Assignment: Each line from the first line of the entries through the line holding "Google Ads 입찰가 변경 방법 (모바일)" is to be restated word for word; nothing else, and no picture, belongs in the answer.

Material provided:
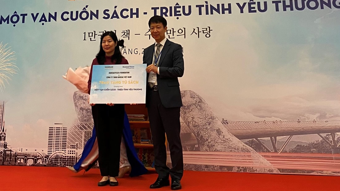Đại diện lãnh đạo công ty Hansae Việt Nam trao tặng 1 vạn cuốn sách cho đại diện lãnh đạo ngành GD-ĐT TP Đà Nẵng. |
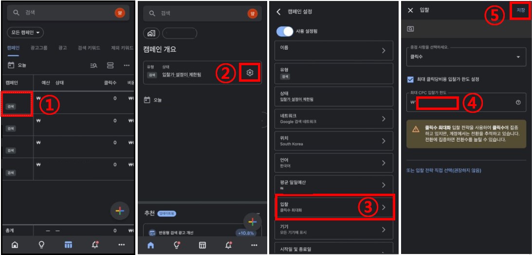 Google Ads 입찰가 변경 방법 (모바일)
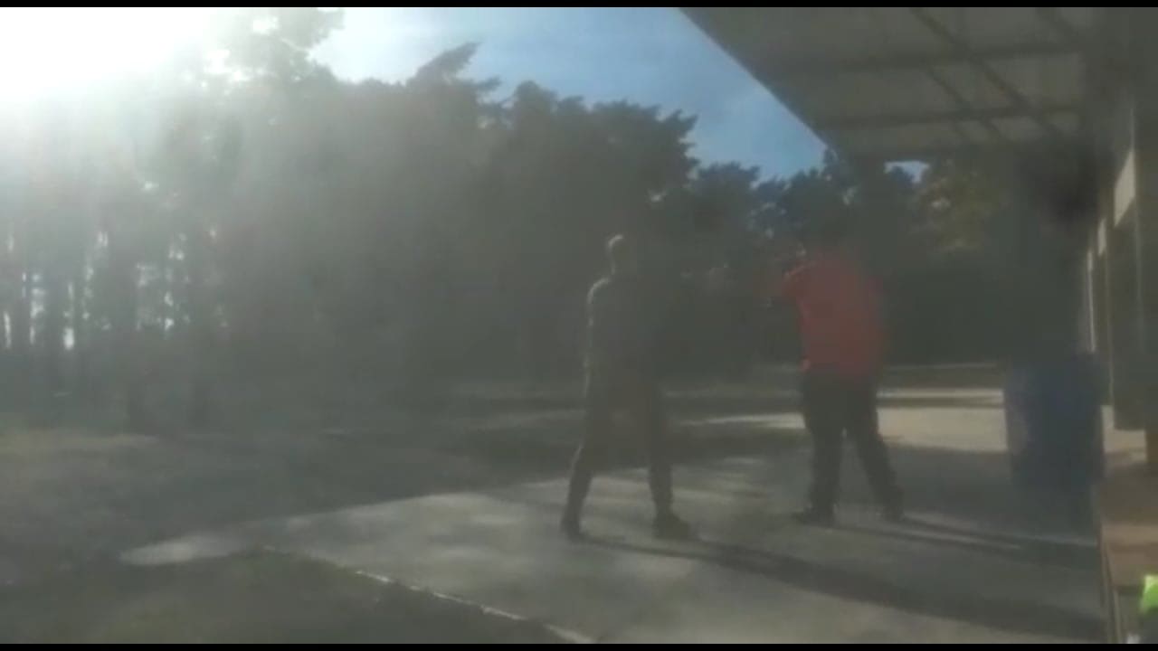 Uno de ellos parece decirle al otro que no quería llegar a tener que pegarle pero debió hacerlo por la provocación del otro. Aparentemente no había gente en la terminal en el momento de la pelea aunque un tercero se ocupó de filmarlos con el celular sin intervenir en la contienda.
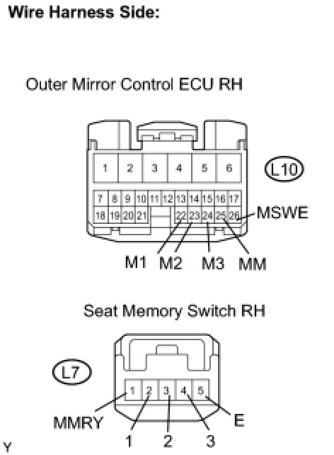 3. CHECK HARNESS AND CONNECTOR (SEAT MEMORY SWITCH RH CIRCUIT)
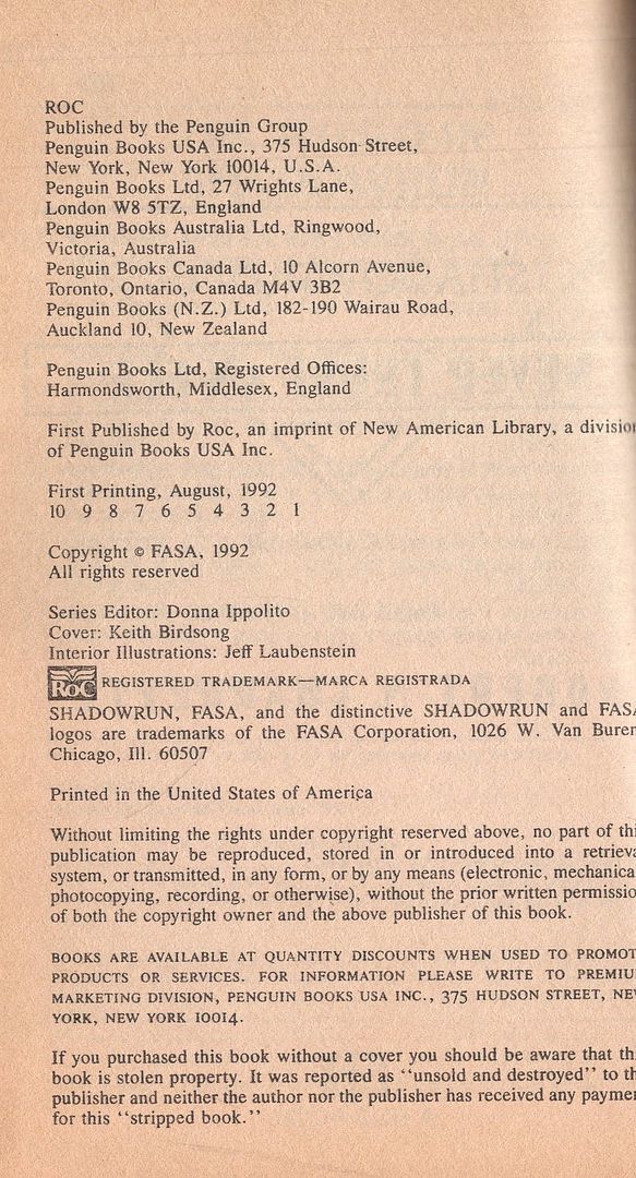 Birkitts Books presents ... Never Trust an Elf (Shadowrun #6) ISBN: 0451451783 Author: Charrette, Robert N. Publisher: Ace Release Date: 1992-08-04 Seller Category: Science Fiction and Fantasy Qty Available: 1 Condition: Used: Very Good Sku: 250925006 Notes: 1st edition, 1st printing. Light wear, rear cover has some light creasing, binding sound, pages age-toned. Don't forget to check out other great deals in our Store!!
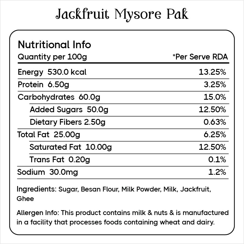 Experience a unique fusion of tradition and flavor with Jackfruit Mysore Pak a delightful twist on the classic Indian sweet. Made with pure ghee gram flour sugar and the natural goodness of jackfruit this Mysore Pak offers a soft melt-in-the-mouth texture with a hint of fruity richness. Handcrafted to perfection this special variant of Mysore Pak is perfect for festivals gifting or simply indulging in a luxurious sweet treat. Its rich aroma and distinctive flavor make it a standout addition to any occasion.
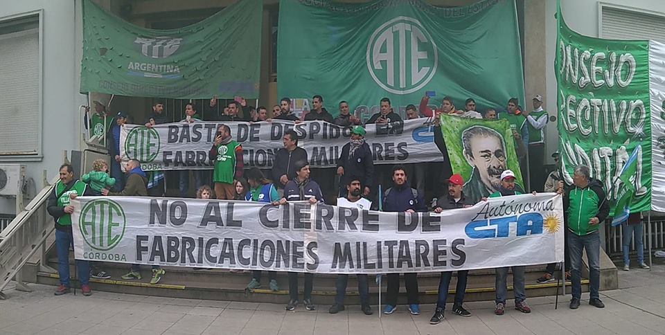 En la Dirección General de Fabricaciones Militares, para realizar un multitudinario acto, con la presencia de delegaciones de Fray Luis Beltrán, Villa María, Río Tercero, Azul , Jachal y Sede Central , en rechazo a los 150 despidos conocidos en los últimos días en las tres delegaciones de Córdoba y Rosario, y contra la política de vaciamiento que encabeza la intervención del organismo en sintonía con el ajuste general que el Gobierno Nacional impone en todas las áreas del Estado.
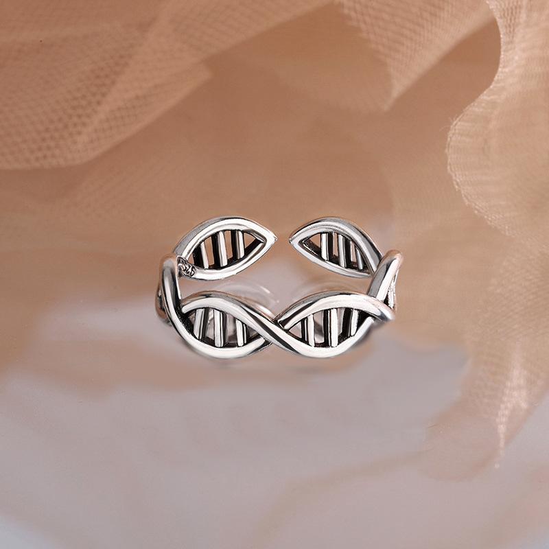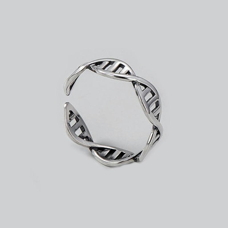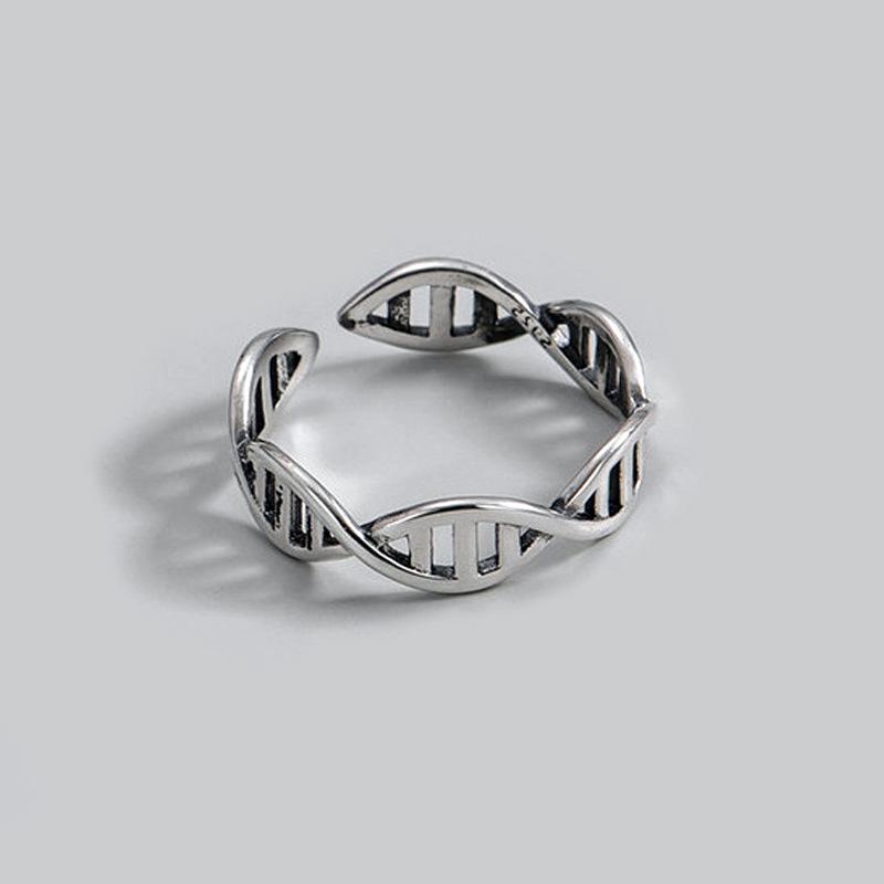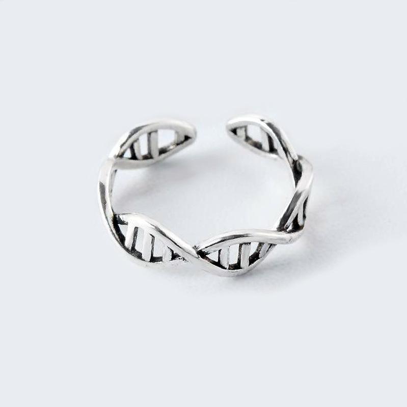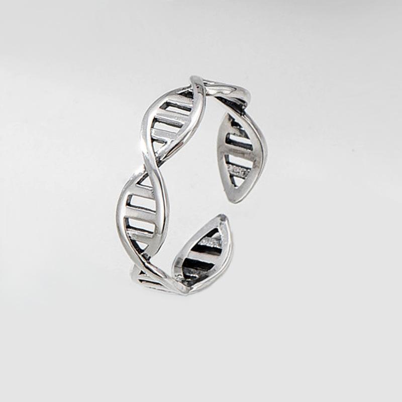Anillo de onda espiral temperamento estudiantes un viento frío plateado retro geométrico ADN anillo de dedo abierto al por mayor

Answer area:
Đại diện lãnh đạo công ty Hansae Việt Nam trao tặng 1 vạn cuốn sách cho đại diện lãnh đạo ngành GD-ĐT TP Đà Nẵng. |
 Google Ads 입찰가 변경 방법 (모바일)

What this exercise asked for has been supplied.